IMPROVE YOUR PLAY
with Larry Matheny


Succeeding at a pairs event often means winning every trick available.  Here is a hand where declarer took advantage of the auction to find an extra trick.

Scoring:  Matchpoints (Pairs)

Hand #38
Dlr   N
Vul E/W
S J532
H K543
D J105
C 92
S 108
H 10962
D K962
C A75
    
S AKQ976
H 87
D Q83
C 43

S 4
H AQJ
D A74
C KQJ1086
West North
East
South

Pass
1S 2C
   DBL*    Pass
    2S     3C
All Pass



 *Negative Double

BIDDING:  The bidding was straightforward with South eventually declaring a club partscore. 

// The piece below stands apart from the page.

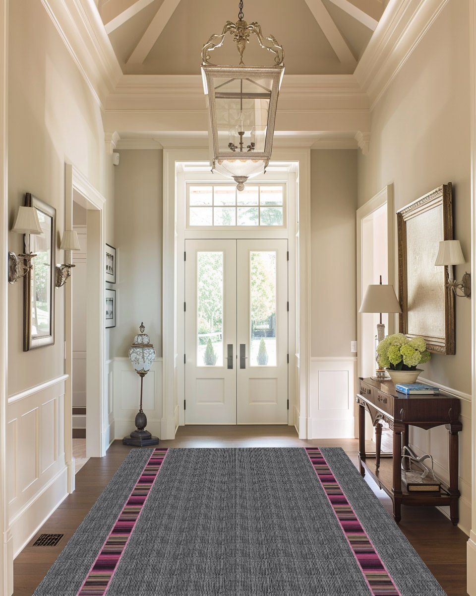 Striped Border Rug - Gray & Pink

PLAY:   Declarer ruffed the second spade and saw he still had to lose a club and possibly two diamonds.  The auction told him that West held four hearts so that suit wasn't going to break 3-3.  He had a discard coming from the heart king but had no safe way to reach dummy after three rounds of hearts.   At trick three, declarer continued by leading trumps with West winning the second round and continuing with a third.  Declarer saw a way for an overtrick if West held one of the two missing diamond honors.  He next led a low diamond and West had to duck or it would leave declarer with a finessing position over East's diamond queen.  East won the queen of diamonds and played another spade.  Declarer ruffed, played the ace of diamonds, and then led the rest of his clubs to catch West in a red suit squeeze.  In the four-card ending, West could not save four hearts and the king of diamonds.  The score of +130 was a great result with most N/S pairs winning only nine tricks.

This hands shows how important is to remember the bidding.  Without the negative double, declarer may have simply tried for a 3-3 heart break without recognizing the squeeze possibilities.  Also note there would be no squeeze if East held both diamond honors but it cost nothing to try for the overtrick.